My visit to this museum on Sunday 13th of August taught me something – there is no better way to share in the grief of those who lost their loved ones on the front lines than being in the war zone itself [or in a situation that is reminiscent of one].

The museum is located in District 3 along 28 Vo Van-Tan St and of special interest to me was the war crime exhibits section. Here, I came one on one with huge military artillery that was used in the 1961 to 1975 wars as well as some graphic photographs of the infamous chemical Agent Orange and phosphorous bombs aftermath.

The Saigon Notre Dame Cathedral 

The Saigon Notre Dame Cathedral is one place to go to if you are looking for religious emancipation. The building was constructed between 1863 and 1880 and is another great evidence of French involvement in the city and the country at large. I was particularly taken by its two belt towers that extend to about 58 meters high. Its huge size coupled by its spiritual significance is the reason I wouldn’t miss a visit on my next trip to Ho Chi Minh City.

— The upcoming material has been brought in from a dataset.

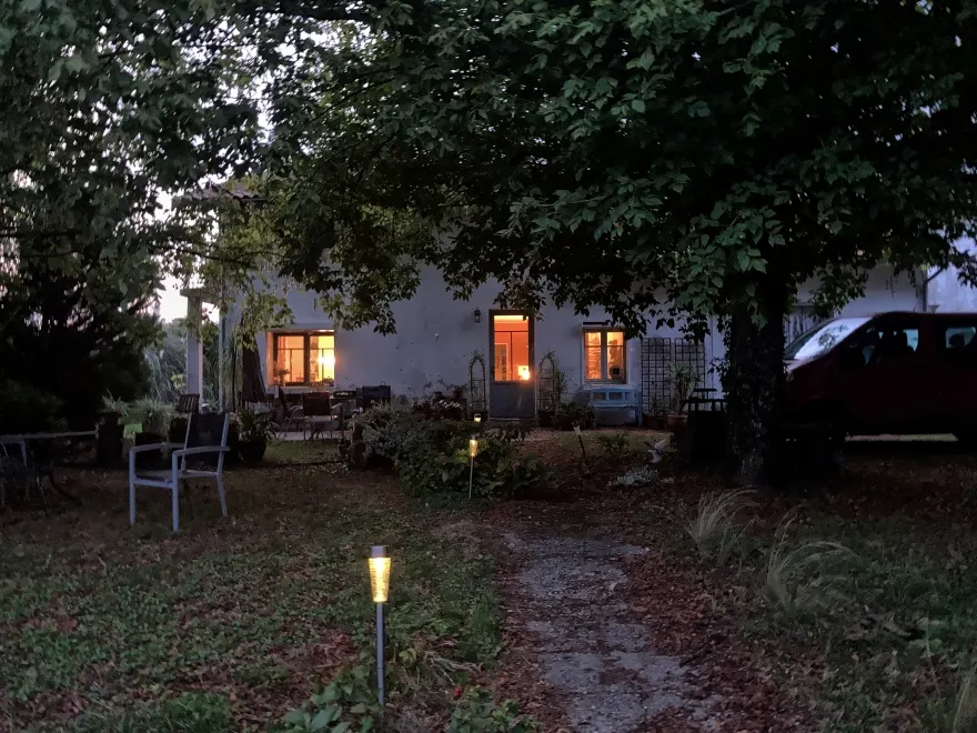 Abendstimmung vor dem Haus, viel Laub liegt da herum:

If you visit on Sunday, you can attend the mass in the cathedral. However, no pictures are allowed inside. Keep your camera away and do not state that you are a tourist. They did not allow tourist to go in for sightseeing as it will disrupt the mass proceeding.

The Jade Temple 

This temple is located in 73 Mai Thi-Luu St in District 1 and goes by many names including the Ngọc-Hoàng Điện or the Chùa Ngọc-Hoàng. Aside from the fact that this is a religious shrine, I found it to be a cool place to experience the Chinese heritage. The temple was constructed by the Chinese community in 1909 and its iconic pagoda designs make it a perfect go-to for any Chinese wishing to connect to his higher power away from home.

The Ba Thien Hao Temple 

I must say I wasn’t so lucky as my trip to the temple did not fall in the Lunar New Year when the temple literally comes alive. However, I was still treated to some of the rarest experiences in this part of the world – the burning of spiral incense. Armed with coils and incense sticks, I can still remember the enchanting smells that rent the temple immediately I, along with those in attendance, began burning our incense. This is not just a ritual to behold; it is the essence of spiritual connection.


The Chu Chi Tunnel

A staple tourist attraction in Ho Chi Minh City. The Chu Chi Tunnel is an immense tunnel network that connects major underground tunnels of this great city. The tunnels were first popularized during the Vietnam War as they played perfect military hideouts. However, in addition to that great heritage, I found the Chu Chi Tunnel an ideal escape route from the noisy life of this city. A temporarily detached from the hustle and bustle of the city. Trust me, you need a little break from Ho Chi Minh City center.

The Mekong Delta

My trip to Ho Chin Minh City wouldn’t have been complete without a visit to Mekong Delta.  The delta is basically a southwestern Vietnamese region where the Mekong River flows into the sea through a series of distributaries The many water channels created by the river are indeed food for the eyes but there is yet another marvelous activity to take part in here – boat rides. I realized that there was no better way to access the orchards, the swamplands, the paddy fields and other enchanting vegetation dotting this vast delta. And even better, the boat rides are availed at local rates so I didn’t have to worry about breaking the bank to enjoy this wonderful cruise.